Doutrina OAB: bens de capital e a recuperação de empresas

Inicialmente, a recuperação de empresas pode ser judicial ou extrajudicial, mas ambas têm a finalidade de preservar a atividade empresarial. Por isso, o art. 47 da LREF determina que “a recuperação judicial tem por objetivo viabilizar a superação da situação de crise econômico-financeira do devedor, a fim de permitir a manutenção da fonte produtora, do emprego dos trabalhadores e dos interesses dos credores, promovendo, assim, a preservação da empresa, sua função social e o estímulo à atividade econômica.”
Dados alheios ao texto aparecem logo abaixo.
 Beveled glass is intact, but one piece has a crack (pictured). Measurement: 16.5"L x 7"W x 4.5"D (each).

Os créditos vencidos ou a vencer existentes à época estão subordinados ao processo de recuperação.

No entanto, a própria LFRE exclui alguns créditos do processo de recuperação, seja porque não poderem ser exigidos de forma alguma do devedor e ou porque podem ser exigidos, mas fora do processo de recuperação.
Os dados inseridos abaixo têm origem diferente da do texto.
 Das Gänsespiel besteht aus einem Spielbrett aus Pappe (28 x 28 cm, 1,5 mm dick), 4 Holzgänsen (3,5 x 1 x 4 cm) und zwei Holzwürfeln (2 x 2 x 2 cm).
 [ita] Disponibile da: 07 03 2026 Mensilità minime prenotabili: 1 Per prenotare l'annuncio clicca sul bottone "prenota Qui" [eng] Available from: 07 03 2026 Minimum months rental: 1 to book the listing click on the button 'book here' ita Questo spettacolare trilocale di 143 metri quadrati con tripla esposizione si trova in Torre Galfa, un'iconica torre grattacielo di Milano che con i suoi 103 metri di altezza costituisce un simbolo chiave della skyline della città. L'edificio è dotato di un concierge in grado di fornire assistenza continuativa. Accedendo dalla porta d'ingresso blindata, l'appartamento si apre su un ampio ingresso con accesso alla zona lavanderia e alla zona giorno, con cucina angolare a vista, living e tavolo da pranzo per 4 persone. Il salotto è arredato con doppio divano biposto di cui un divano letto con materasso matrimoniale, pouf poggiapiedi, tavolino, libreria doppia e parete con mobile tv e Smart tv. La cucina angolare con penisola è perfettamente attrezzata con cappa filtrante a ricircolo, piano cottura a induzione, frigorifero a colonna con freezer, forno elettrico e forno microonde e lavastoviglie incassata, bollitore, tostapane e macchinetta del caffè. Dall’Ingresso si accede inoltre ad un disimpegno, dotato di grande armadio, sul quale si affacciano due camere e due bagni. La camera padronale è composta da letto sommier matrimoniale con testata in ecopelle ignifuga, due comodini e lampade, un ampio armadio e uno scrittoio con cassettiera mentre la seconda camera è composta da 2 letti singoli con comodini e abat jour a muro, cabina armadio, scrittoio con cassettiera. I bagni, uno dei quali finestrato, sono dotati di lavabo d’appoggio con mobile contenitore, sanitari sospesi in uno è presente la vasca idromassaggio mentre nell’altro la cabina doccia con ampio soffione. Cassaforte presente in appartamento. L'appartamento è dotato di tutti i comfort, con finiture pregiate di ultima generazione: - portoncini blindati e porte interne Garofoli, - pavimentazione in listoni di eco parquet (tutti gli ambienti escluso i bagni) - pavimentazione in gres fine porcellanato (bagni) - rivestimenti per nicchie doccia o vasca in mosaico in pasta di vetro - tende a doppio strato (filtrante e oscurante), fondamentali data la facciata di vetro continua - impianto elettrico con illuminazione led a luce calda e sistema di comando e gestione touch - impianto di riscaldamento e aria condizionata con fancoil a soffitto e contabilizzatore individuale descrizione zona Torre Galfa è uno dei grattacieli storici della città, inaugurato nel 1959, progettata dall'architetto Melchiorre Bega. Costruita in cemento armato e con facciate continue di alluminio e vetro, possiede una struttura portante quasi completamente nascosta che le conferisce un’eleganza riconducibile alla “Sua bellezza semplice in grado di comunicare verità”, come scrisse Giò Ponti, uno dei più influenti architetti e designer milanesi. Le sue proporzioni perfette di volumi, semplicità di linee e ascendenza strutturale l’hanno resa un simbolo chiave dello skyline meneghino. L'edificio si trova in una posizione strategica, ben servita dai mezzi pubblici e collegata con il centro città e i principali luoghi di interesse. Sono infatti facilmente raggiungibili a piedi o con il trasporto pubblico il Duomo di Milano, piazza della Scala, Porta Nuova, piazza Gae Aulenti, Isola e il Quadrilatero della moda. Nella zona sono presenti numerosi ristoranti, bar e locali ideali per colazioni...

O art. 5º exclui os seguintes créditos de maneira absoluta:

Art. 5o Não são exigíveis do devedor, na recuperação judicial ou na falência:

I – as obrigações a título gratuito;

II – as despesas que os credores fizerem para tomar parte na recuperação judicial ou na falência, salvo as custas judiciais decorrentes de litígio com o devedor.

Por outro, lado o art. 6º, § 7º, exclui os créditos do processo de recuperação, mas admite a continuidade da execução fiscal contra o devedor.
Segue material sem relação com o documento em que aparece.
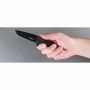 The Kershaw 1990 Brawler Assisted Opening Knife starts with a modified tanto blade—a shape often found in tactical and rescue knives that may be required to punch through tough materials. The tanto is an ideal shape for these piercing tasks because there is plenty of metal to support the point, making it stronger than many other blade shapes. You’ll notice that the top of the Brawler’s blade has a grind, too. This is called a swedge; it helps narrow the blade, adding to its piercing power. At the same time, the Brawler’s straight belly offers excellent cutting capacity, is perfect for bearing down on a task, and is easy to resharpen. All this makes the Brawler an excellent utility knife. The Brawler’s handle is just as functional. The angled handle curves into the palm of the user’s hand. Jimping on the back of the blade offers additional traction. With the blade deployed, the flipper doubles as a finger guard and provides additional hand protection during knife use. For fast and easy one-handed opening, the Brawler is equipped with SpeedSafe. Just pull back on the blade protrusion and the SpeedSafe assisted opening system takes over, moving the blade out of the handle, ready for use. Sturdy glass-filled nylon handle scales, a secure locking liner, and our four-position Quad-Carry pocket clip complete the package.
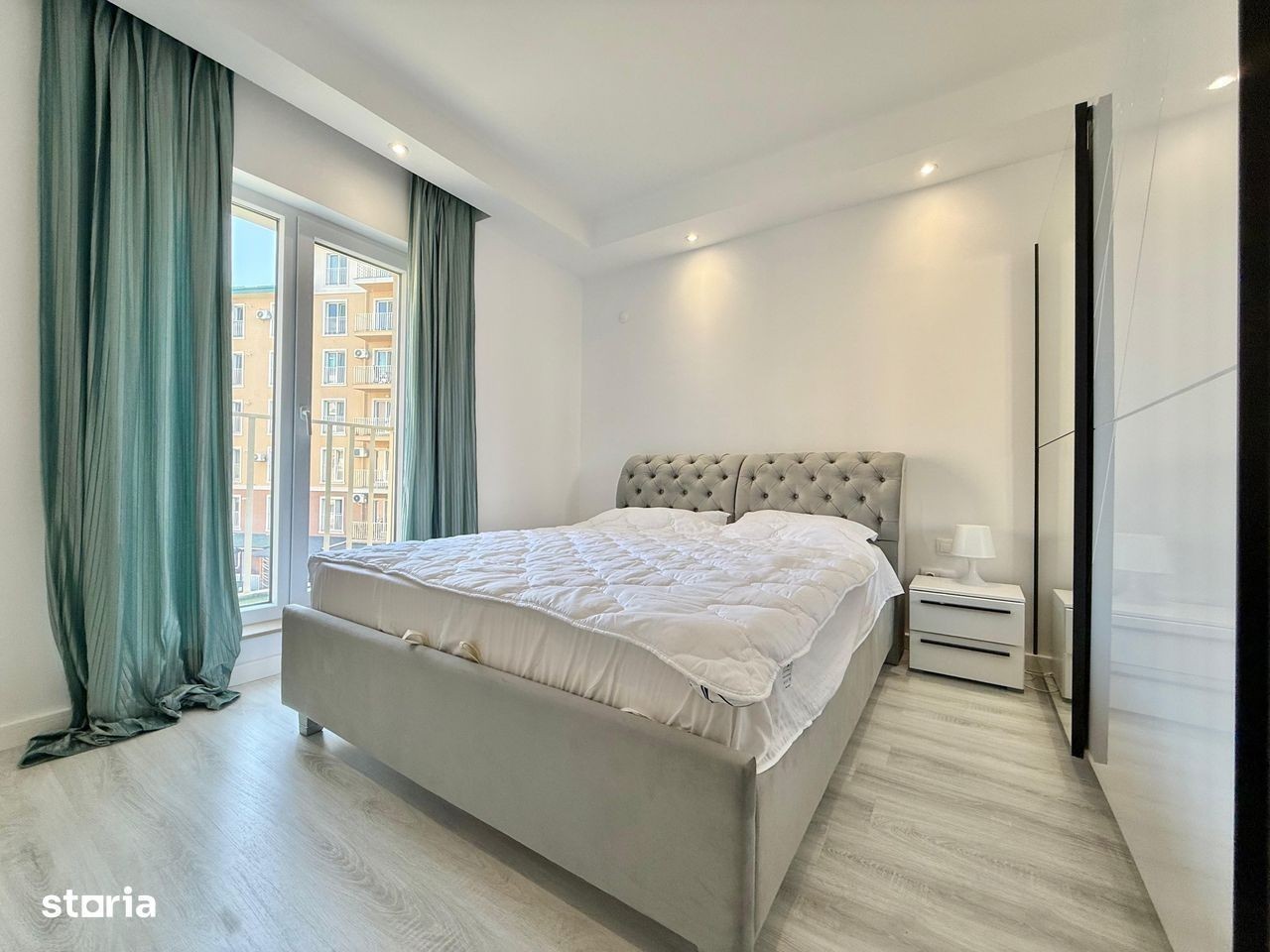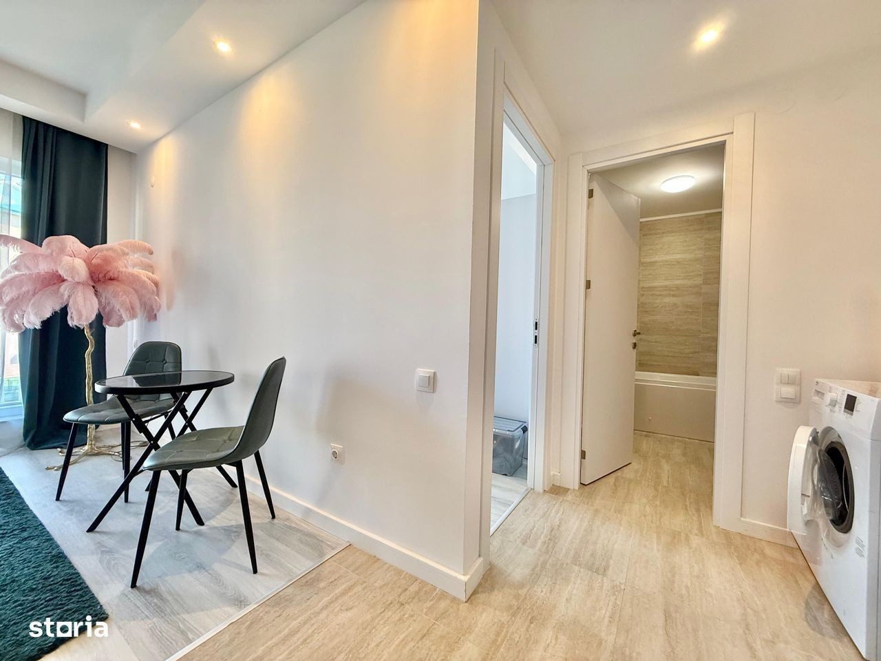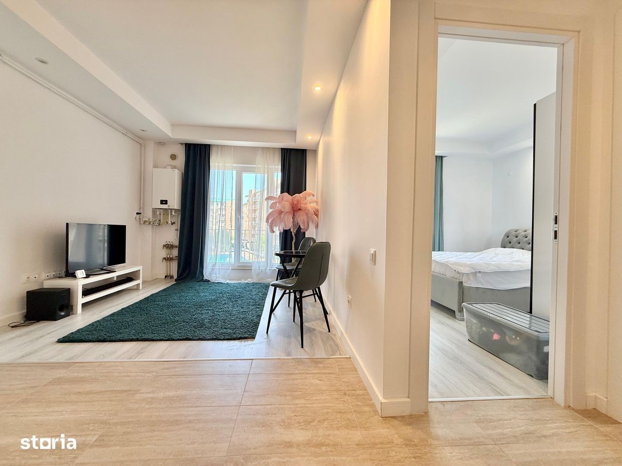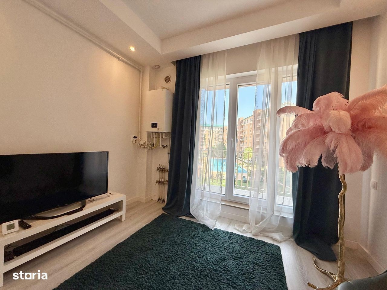 Va propunem spre vanzare un apartament de 2 camere tip studio, cu vedere spre piscina, in Complexul Rezidential Cosmopolis. Blocul este finalizat in anul 2021, constructia fiind din caramida porotherm de 30 cm si izolatie de 10 cm. Apartamentul are centrala proprie si incalzire in pardoseala.

Já o art. 49, §§ 3 e 4, exclui alguns créditos, mas admite que seja cobrado em outros processos, inclusive no juízo, que foram propostas as respectivas ações.

São eles os créditos, que a doutrina denomina de “trava bancária”:

  • 3o Tratando-se de credor titular da posição de proprietário fiduciário de bens móveis ou imóveis, de arrendador mercantil, de proprietário ou promitente vendedor de imóvel cujos respectivos contratos contenham cláusula de irrevogabilidade ou irretratabilidade, inclusive em incorporações imobiliárias, ou de proprietário em contrato de venda com reserva de domínio, seu crédito não se submeterá aos efeitos da recuperação judicial e prevalecerão os direitos de propriedade sobre a coisa e as condições contratuais, observada a legislação respectiva, não se permitindo, contudo, durante o prazo de suspensão a que se refere o § 4o do art. 6o desta Lei, a venda ou a retirada do estabelecimento do devedor dos bens de capital essenciais a sua atividade empresarial.
  • 4o Não se sujeitará aos efeitos da recuperação judicial a importância a que se refere o inciso II do art. 86 desta Lei.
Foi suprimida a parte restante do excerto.